I wrote some essays in private. I hope some will see the light of day. They belonged in their own world, not on a blog, I decided, so I put them in a drawer and waited for the pain which had inspired them to ease. Once that pain had lessened, I figured, I could decide if they had any merit. The blogging world moves so quickly: write, submit! Write, submit! Publish, publish, publish! I wanted off that treadmill; it felt pointless and silly and repetitive.

As a mother who isn't working, it is wonderful to have a sense of community, and to create, even if it is a silly essay for a web site or a blog post for your readership of three: you, your husband when he has the time to read, and the ghost of your pet dog. But swept into the vortex of submission, rejection and sometimes, ah--sweet dopamine fix--acceptance, I lost my way. I stumbled and fell.

Bleeding and dizzy, I stood up and looked at what a year had produced. I had written a few things I liked, I had written a lot of nonsense, and I had tried to create in a time of life that can be filled entirely with simply surviving.

And then I thought, what about it? Why don't I just try to survive? Maybe I would be far happier if I stopped trying to make something of my words, of myself, of my life right now. Maybe I should go back to curling into my child and falling asleep with her at night, cooking more stews and roast vegetables again, vacuuming the rug, reading plays that someday soon I might audition for. I am an actor, after all, not a writer.

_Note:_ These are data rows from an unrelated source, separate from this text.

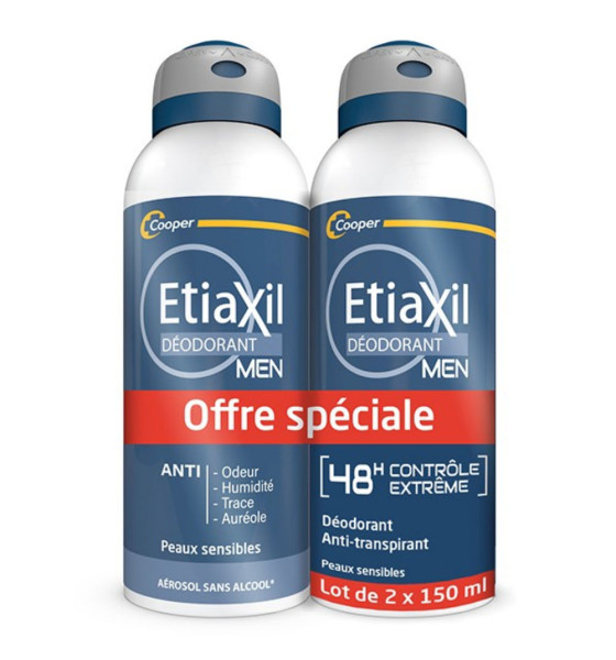 Etiaxil Déodorant Men Anti-Transpirant Contrôle 48H Aérosol Lot de 2 x 150 ml possède une formule à l’efficacité déodorante et anti-transpirante pendant 48H conçue spécialement pour les hommes.
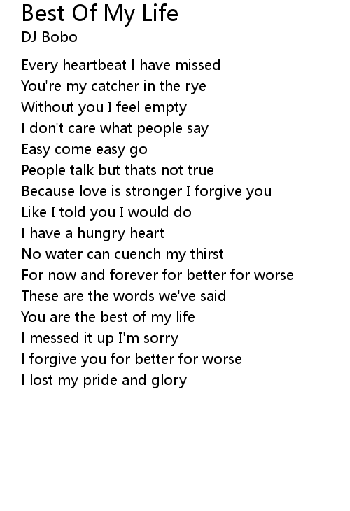 | You are the best of my life | |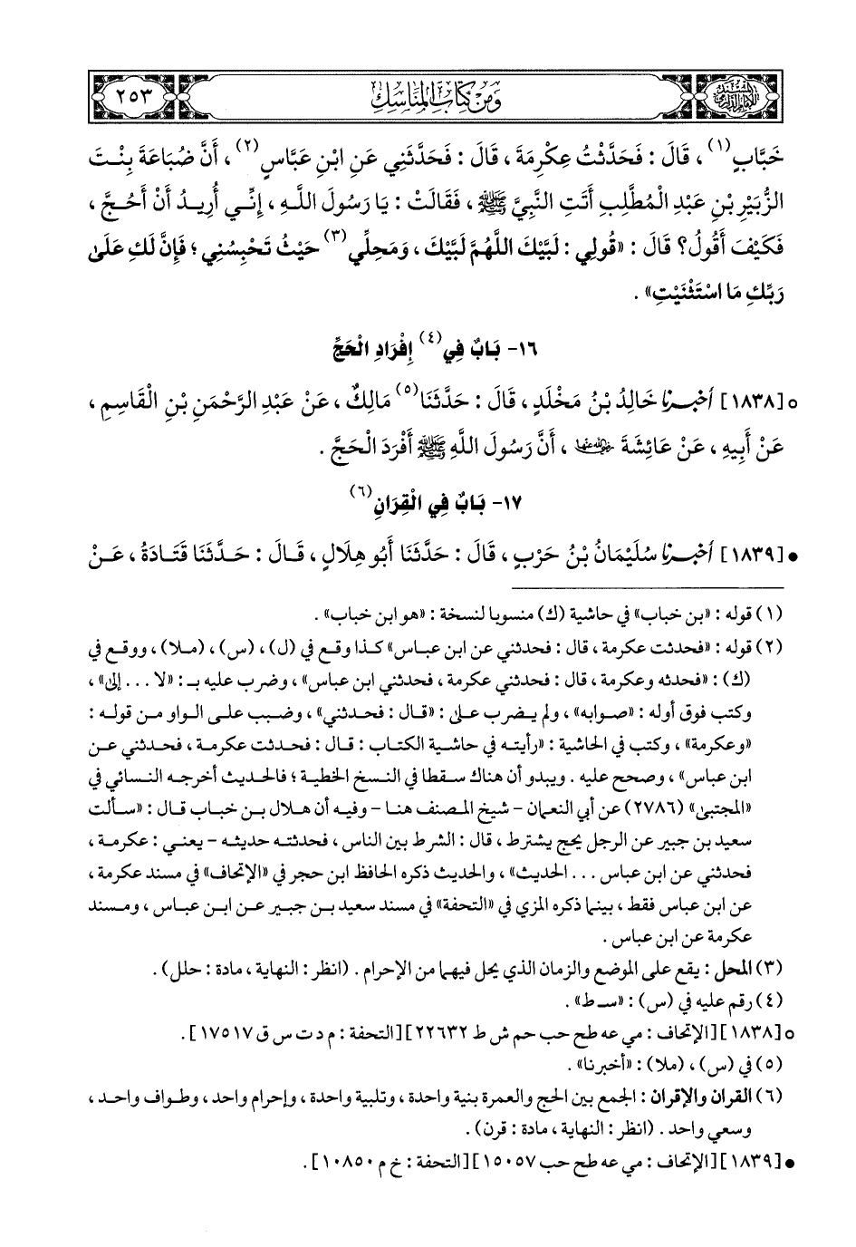 1838- أَخبَرَنا خَالِدُ بْنُ مَخْلَدٍ, قَالَ: حَدَّثَنَا مَالِكٌ, عَنْ عَبْدِ الرَّحْمَنِ بْنِ الْقَاسِمِ, عَنْ أَبِيهِ, عَنْ عَائِشَةَ رَضِيَ اللهُ عَنْهَا, أَنَّ رَسُولَ اللهِ صَلى الله عَليهِ وسَلم أَفْرَدَ الْحَجَّ.

I sat in the darkness for a while. I visited the place where the blog once stood. Cobwebs had formed, ghosts lurked in the shadows and I felt a chill pass through as its body grew cold.

This didn't feel entirely bad. I enjoyed the silence, I enjoyed the sense of control I had over my moments of quiet, so few with a young child. I had no urge to run to the computer and type, no need to scrawl notes on napkins or in notebooks. No ideas percolated.

But chemicals shift, mothers improve for a time, and the sun starts slowly making its way round the bend. Spring may be a few months off, but we have started spotting birds perching in the bare branches outside our living room windows. The light beckons once more.

So, what the hell? I have, with shaking hands, opened the blinds.

A little light filters into this dusty space. The ghosts have scurried to their corners, but they haven't vanished. I don't want them to. They write most of my words.

To write is to say, "I'm here." The world's problems are vast, the suffering of many others is more profound and consistent than mine, but denying my right to say "I'm here" is as pointless and destructive as shaking the flower where the Whos of Whoville live. A person's a person no matter how small. 

Blogs get a lot of grief for not being serious literary endeavors. But maybe that is neither their intent nor their purpose. They are simply a whole lot of voices singing in unison: "We are here!" and in doing so, letting all those other tiny voices be heard, through our collective singing. We don't have to be very good at writing or thinking up fresh ideas. We just have to show up and open the blinds.

So I'm here, opening the blinds and letting the gray winter light in. Are you out there, too? Because I don't think I can do it alone.